SYSTEM Cited by 1 source
Strands Agents SDK¶
Strands Agents SDK (strandsagents.com) is an open-source Python SDK from AWS for building agentic systems — multi-agent orchestration, tool calling, session / memory management, and integration with MCP servers for extensible tool surfaces. Positioned as a production- oriented alternative to framework-heavy Python agent libraries.
Stub page — minimal viable for the 2025-12-11 conversational- observability blueprint ingest. Expand as future Strands-specific sources land.
Role in the conversational-observability blueprint (2025-12-11)¶
In AWS's EKS troubleshooting reference architecture, Strands is the substrate for the agentic deployment option (alongside the default RAG-based chatbot). It hosts a three-agent decomposition — patterns/specialized-agent-decomposition:
- Agent Orchestrator — coordinates the troubleshooting workflow across the other agents.
- Memory Agent — manages conversation context and historical insights across turns / sessions.
- K8s Specialist — handles Kubernetes diagnostics; calls EKS MCP Server tools via the MCP protocol.
Backed by S3 Vectors (1024-dimensional embeddings) for cost-optimized vector storage of conversation / investigation memory, and Slack as the UI. Amazon Bedrock hosts the underlying LLMs. Pod Identity is the AWS service-access mechanism from within the EKS cluster.
Caveats¶
- Stub page based on one source. Framework internals (agent lifecycle, memory persistence, session routing, tool-call arbitration, failure handling, cost profile) not yet characterized from wiki sources.

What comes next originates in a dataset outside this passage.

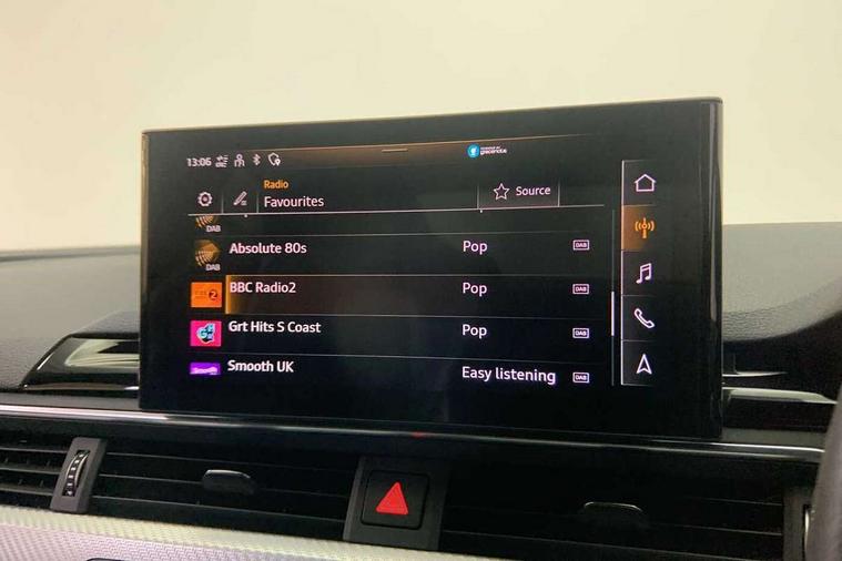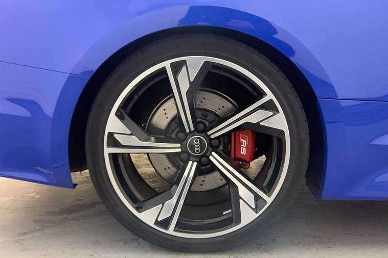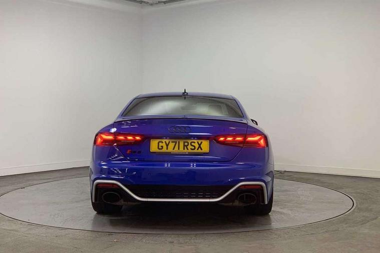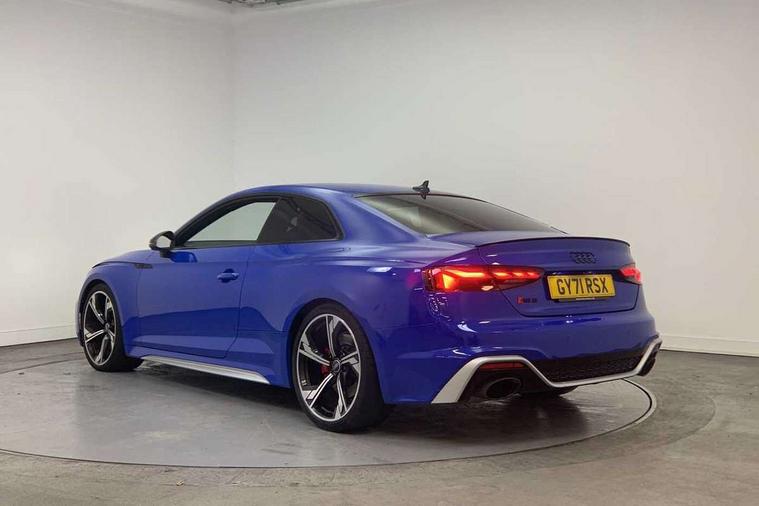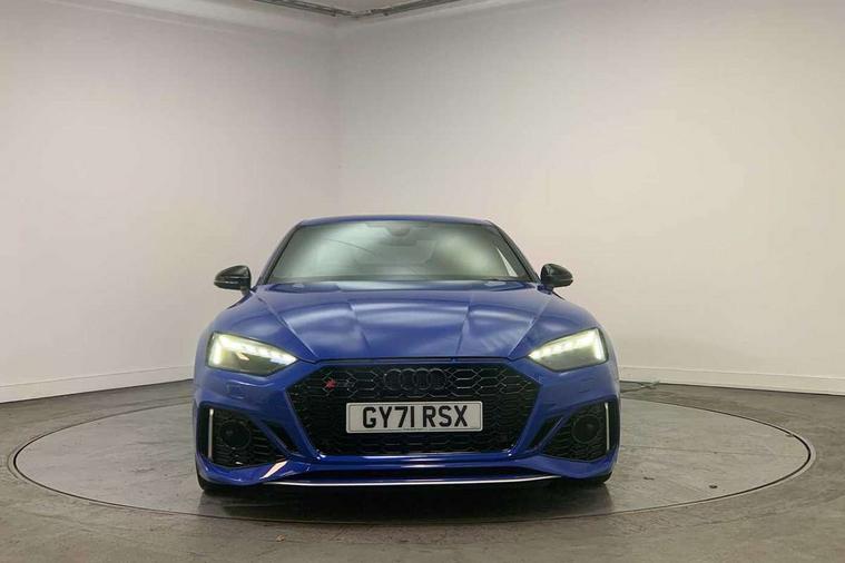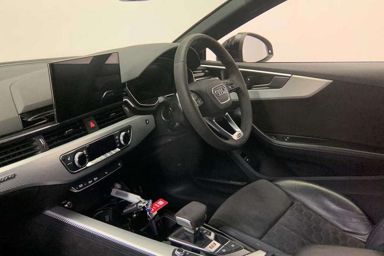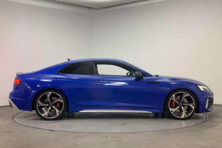 360 degree camera, Advanced key with electric hands free boot opening system, Audi connect safety and service (e-call), Audi parking system plus with front and rear sensors, Audi phone box with wireless charging, Audi side assist, Audi smartphone interface, Audi Virtual Cockpit with RS specific design and 12.3" display, Automatic start-stop system with coasting functionality and efficiency programme, Bluetooth interface, Cruise control system with speed limiter with free wheeling capability, Electromechanical power steering, Email, calendar and text messages displayed via MMI, MMI Navigation plus with MMI touch includes 10.1" high resolution colour MMI display, 3D map, RS Audi drive select, RS drive modes on steering wheel, Service interval indicator, Voice control system, Quattro sports differential, RS sports suspension, Bang + Olufsen 3D sound system, DAB digital radio reception, Audi Beam uses LEDs to project the Audi logo, Audi exclusive paint, Audi matrix LED headlights with LED rear lights + dynamic front and rear indicators, Audi rings and lettering glossy black, Auto dimming rear view mirror, Body colour door handles, Electric front windows, Electric rear windows, Electrically folding, adjustable and heated door mirrors with integrated LED side indicators and kerb view function for passenger side, Exterior mirror housing in high gloss black, Front blade, side flaps, sill extension inserts and horizontal bar in rear diffuser in aluminium matt look, High beam assistant, Larger singleframe grill, LED daytime running lights, Privacy glass with rear acoustic glazing, Rain and light sensors, RS bumper with quattro lettering, RS sport exhaust system, RS5 badges on grille, the front wing panels and rear, RS5 dual branch chrome tailpipes with left and right oval pipes, Windscreen with acoustic glazing, 2 x USB charging port with aux input socket, 40/20/40 split folding 2 seater rear seat bench with rear centre armrest, 40/20/40 split folding 3 seater rear bench seat, Alcantara side centre console, black with contrast stitching in denim blue, Aluminium shift paddles, Black cloth headlining, Deluxe 3 zone electronic climate control, Door armrest in fine nappa leather, black with contrast stitching in denim blue, Electrically adjustable front seats, Fine nappa leather with contrast honey comb stitching + super sports seats with pneumatic massage function, Floor mats in black and denim blue contrast stitching on floor and piping in alcantara coblat blue, Front head restraints, Heated front seats, Illuminated door sill trims with RS5 logo, ISOFIX child seat mounting and top tether, Leather door armrests and knee pad, Rear head restraints, Seat centre panels in alcantara, black with honeycomb pettern in denim blue, Seat side bolsters, head restraints and centre armrest, front in fine Nappa leather, black with contrast stitching in denim blue backrests, Selector lever knob in Alcantara, black and selector lever gaiter in leather, black with contrasting stitching in denim blue, Stainless steel pedals, Steering wheel rim in Alcantara, black and contrasting stitching in denim blue, Tool kit, Extended LED Interior multi-coloured lighting pack - A5/RS5, RS bodystyling pack - RS5, 2 x 3-point rear seat belts, 6 airbags - Driver, front passenger, curtain and side airbags, Electromechanical parking brake, Electronic Stabilisation Control (ESC) including ABS, ASR and EDL, Front passenger airbag deactivation, Height adjustable front seatbelts, High gloss red painted brake callipers with RS logo at front, Hill hold assist, Multi collision brake assist, Pop-up bonnet for pedestrian protection, Pre sense city, RS Model enhanced braking system, Seatbelt monitoring, Tyre pressure warning, Warning triangle and first aid kit, Anti theft alarm system, Anti theft wheel bolts, Immobiliser, Keyless Go, Remote control key with RS emblem, Aluminium race inlays, 20" 5 arm flag design sport alloy wheels with gloss anthracite black and diamond cut finish, Tyre repair kit,

- Positioned by AWS as production-oriented but long-term adoption / ecosystem maturity is not assessed here.
Seen in¶
- sources/2025-12-11-aws-architecting-conversational-observability-for-cloud-applications — the agentic deployment option uses Strands + MCP + S3 Vectors as an alternative to RAG + OpenSearch Serverless. Three specialized agents (Orchestrator, Memory, K8s Specialist).